From the second “Time On Earth” came clobbering we were transported back to the dilapidated, wall-crawling psychedelia that we NEVER saw coming on their five track 7” for LVEUM back in 2017, getting us all fired up that such a potent cerebral secretion was no one-off and that our beloved Slender would not fall under the axe of Paco’s oft-heralded - “Mate, ANYONE can make a good single” -mantra! Spirits rejoice!
Lean, concise, often juxtaposed songs and interludes are deftly thatched together to make up the majority of Side A, with dense, drowning-world electronics on tracks like “Heavy Weather” clearing the skies for jovial, anthems of the Anthropocene like “New Country” (which for us totally rings the same joyous bells as Yuzo Iwata’s “Gigolo”!!) and the grittier, barnacled basement etherea of “Sleep The Trees”.
The restrained fury in the opening minutes of Side B initially recall the slow-stirring storm clouds that cast shadows on that Blodarna 7”, the thought of seeking shelter only arising as proceedings are escalated into that which is more akin to hearing Amon Duul perform kali-ma on the guys from Pelt in some subterranean death church! The closing triptych of “So”, “Far” and “Down” tunnels downward and takes place as some sorta on-acid-and-caught-in-earthquake rite, that sees the volcanic pounding intensify and whatever THAT sound is (bass guitar?? some demonic synthesiser??!) begin to envelop everything like the swelling of oblivion - any brief interval between tracks serving only as a moment to observe your own mind try to scramble it’s way out of the slowly opening sinkhole.
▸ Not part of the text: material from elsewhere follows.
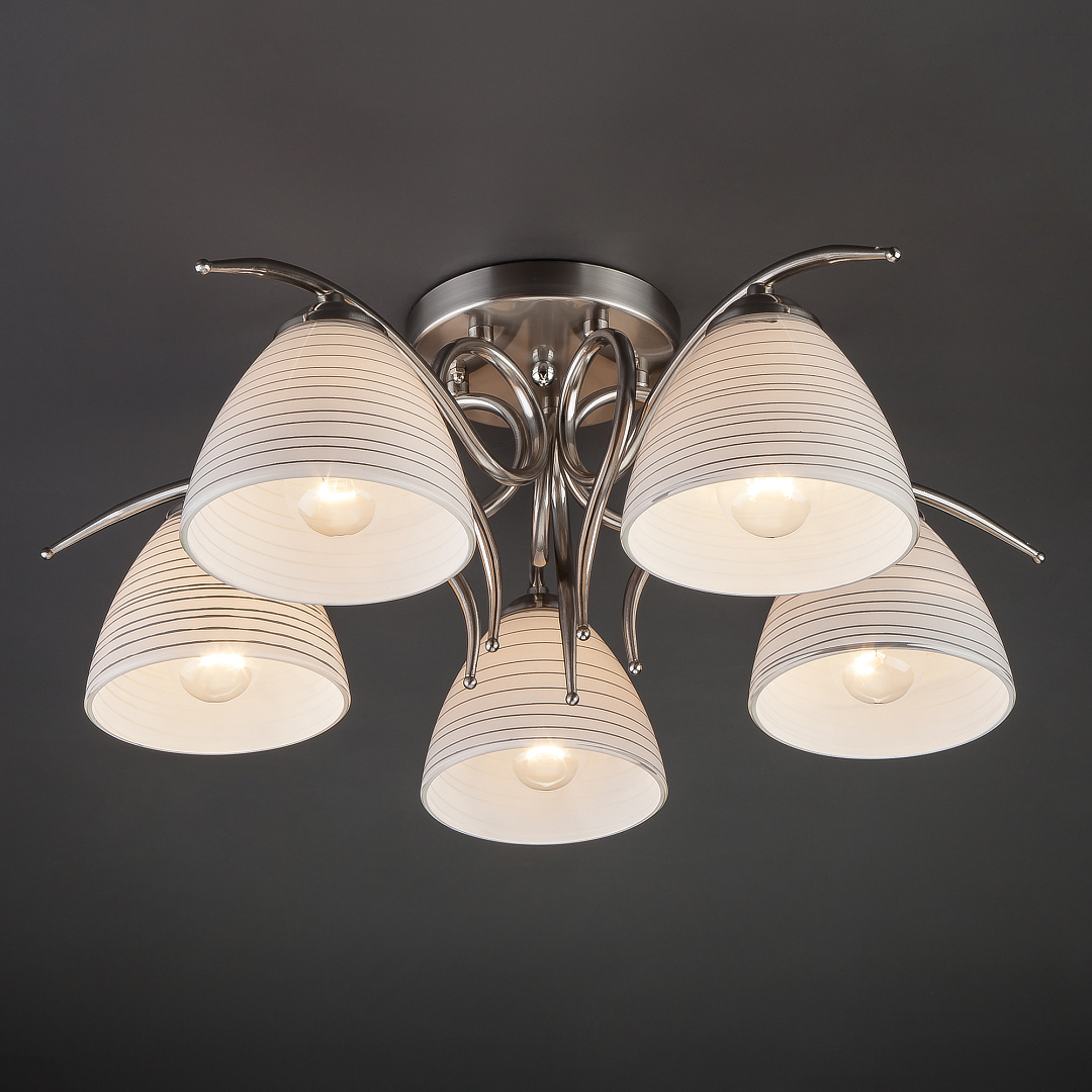 Потолочная люстра 30121/5 сатин-никель от производителя Eurosvet (КНР) из коллекции Megan исполнена в стиле модерн. Арматура светильника выполнена из

Bonkers. Channels the same wild and earthy desire for experimentation as such un-pinnable, sleeping giants as Blumen Des Exotischen Eises, The Fates or Moolah. No idea how the inhabitants of earth will express amazement / bewilderment in thirty years time but can imagine some archival psychopath or discogs dweeb digging this one up and ripping a righteous WHAT THE FUCK. (low company)
Time On Earth cover art by Emil Bognar Nasdor with 8 page booklet by Eugene Terry and A2 poster designed by Keegan Dakkar.